Clearly, Tournier's novel does not share the archaeological ambitions of a narrowly constructed Freudian psychoanalysis. (14) Unlike Liz Headleand, the psychoanalyst in Margaret Drabble's A Natural Curiosity, it does not aspire to discover "what really happened. [...] At the beginning of human time"(75). (15) Nor does it propose, like Heaney's bog poems, that the myths of the past can illuminate the history of the present. Instead, its archaeology is much closer to what Foucault understood by the term: "[Archaeology] does not treat discourse as document, as a sign of something else, as an element that ought to be transparent, but whose unfortunate opacity must often be pierced if one is to reach at last the depth of the essential in the place in which it is held in reserve; it is concerned with discourse in its own volume, as a monument. It is not an interpretative discipline: it does not seek another, better-hidden discourse. It refuses to be 'allegorical'" (138-39). The Erl-King achieves its own refusal to be "allegorical," not by eschewing allegory but by foregrounding it as a "discourse in its own volume, as a monument," by multiplying its instances, and its failures, through a proliferation of mistranslations and misreadings. The point of the exercise lies not in the search for a beginning, the excavation of a more authentic self, or the restoration of a lost or tainted purity, but in the critical re-presentation of a discourse that attempts all those things. The novel is "archaeological" in its determination to present the discourse of an allegorical archaeology as discourse, and its "archaeology" of Nazi Germany lays bare not the distant origins and hidden meanings of Nazi discourse but the Nazi discourse of distant origins and hidden meanings. For all these reasons, the novel's attitude toward the mnemotope, as a vehicle of cultural, national, and racial memory, must be one of profound mistrust. That is why Tournier's bog bodies are also, and above all else, book bodies, their "archaeological" meaning spu n out of a web of (inter-)textual threads, a network of correspondence and allusion that, in its monumental facticity, renders untenable the ideological fiction of truths revealed by "messengers from the mists of time," whoever they may be.

Notes

* This essay is part of a research program funded by the Social Sciences and Humanities Research Council of Canada. My sincere thanks to the Council and to my research assistants Jennifer Cottrill and Marianne Krajicek.

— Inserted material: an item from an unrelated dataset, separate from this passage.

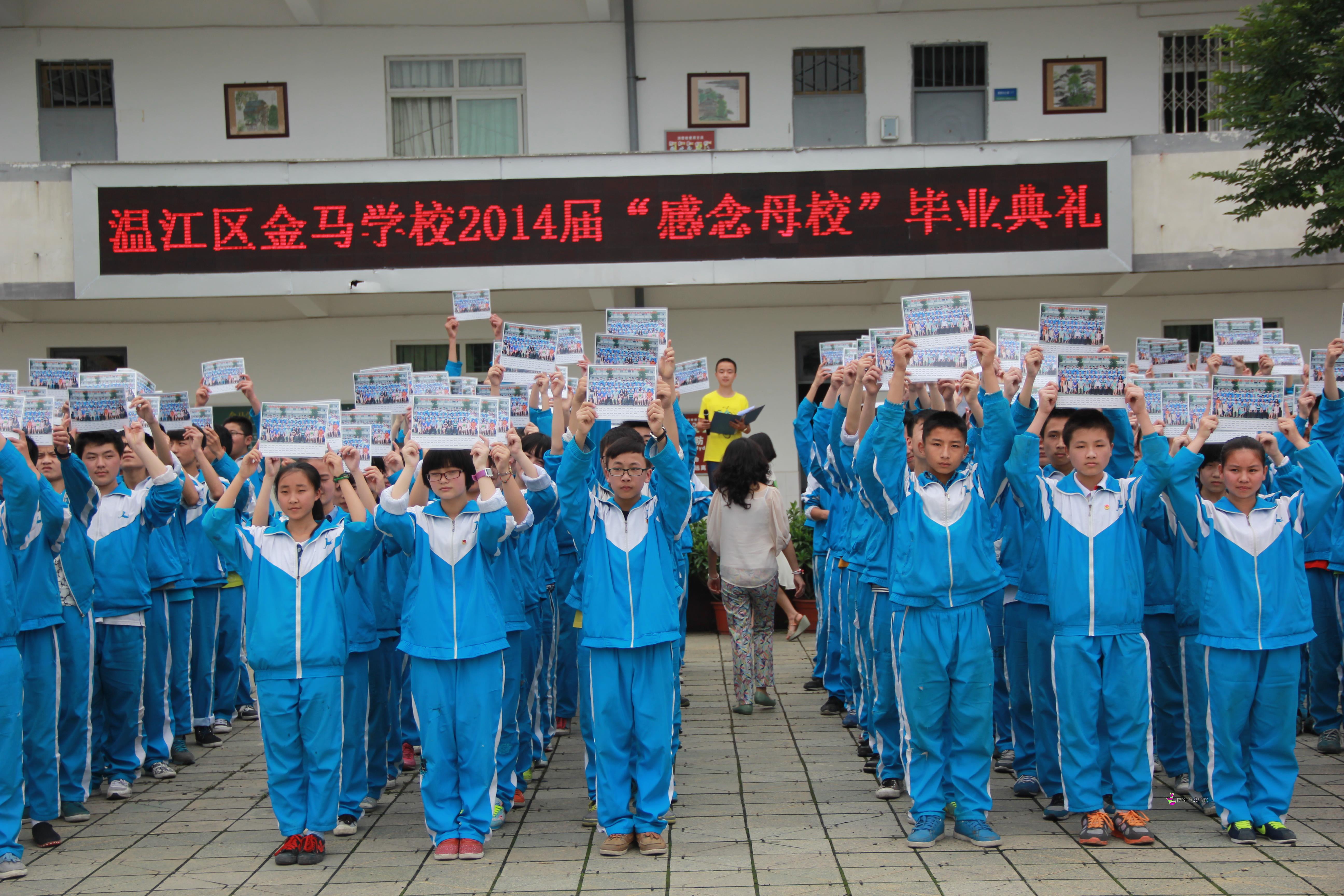 毕业典礼由教导副主任苟梅和九年级学生共同主持。首先,九年级学生代表上台发言,代表深情回顾了三年学习生活的点点滴滴,感谢老师们的培育之恩,表达了对母校无限的眷念之情。教师代表杨永忠老师在发言中勉励同学们在今后的征程中要始终坚守自己的信念,保持“文崇金石、武修龙马”的作风,脚踏实地,努力进取,并祝愿全体毕业生中考大捷,学业有成,创造人生的辉 煌。
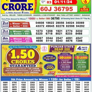 RESULT DEAR 50 JHELUM MONDAY WEEKLY LOTTERY 20.01.2025

(1.) The archaeological accounts range from dry science through Glob's lyricism to the sensationalism of Ross and Robins. Turner and Scaife and Van der Sanden offer the most reliable and up-to-date information. The nationalist stakes in bog body archaeology came to the fore after the discovery of Lindow Man, when British archaeology entered the lists in barely concealed competition with more established German and Danish schools already in disagreement on fundamental questions of interpretation. Van der Sanden later added a Dutch voice to the chorus.